Serre for complexes of groups A theorem of J.-P. Serre states that any finite subgroup $F$ of an (injective) amalgam $G_1 *_H G_2$ is conjugate into one of the factors $G_1$ or $G_2$, that is, $F$ is a subgroup of a vertex stabilizer of the Bass--Serre tree.
Is the following generalization true?: Any finite subgroup $F$ of the colimit $G$ of a developable complex of groups (in the sense of Bridson--Haefliger) is conjugate into one of the vertex groups $G_v$.
I am away on a trip and do not have my usual resources!  A specific reference would be appreciated :)

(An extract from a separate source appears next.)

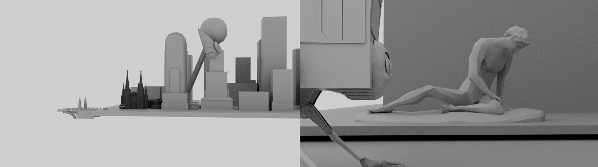 In charge of blockout for the city - Its shape resembles the statue of Dying Gaul as a reference to the fall of humanity.

 A: This is utterly false.  If a group $G$ acts nicely on a simply-connected simplicial complex $X$, then $G$ can be expressed as a complex of groups on the quotient space $X/G$.  What you want is equivalent to having all torsion elements of $G$ fix points in $X$.  It is trivial to come up with group actions on simply-connected simplicial complexes in which torsion elements act freely (though it may be worth remarking that this is impossible if the complex is either contractible or nonpositively curved).
EDIT : In response to your further question, here are some references.  For the fact that a finite group cannot act freely on a CAT(0) space, it is an easy center of mass argument and can be found in Bridson-Haefliger.  For the fact that a finite group $G$ cannot act freely on a contractible finite-dimensional space $X$, if it did then $X/G$ would be a finite-dimensional $K(G,1)$, which is impossible since $G$ has infinitely many nonzero homology groups (see, for instance, Brown's book on group cohomology).
It is maybe worth noting that a tree is both CAT(0) and contractible, so both of these facts generalize the observation of Serre you made in your question.
A: This might be helpful (theorem 3)
S. Lim and A. Thomas. Covering theory for complexes of groups. Journal of Pure and Applied Algebra
Volume 212, Issue 7, July 2008, Pages 1632-1663 (arXiv link; ScienceDirect link)
A: Okay, thanks, I suppose... my naive generalization might not work out over the 2-sphere.
Let me now specify that the complexes I am interested in are single n-cells with their boundary divided up, e.g. the fundamental domain of a crystallographic group of rank n.  May I politely ask:  What is a specific reference for the contractible case?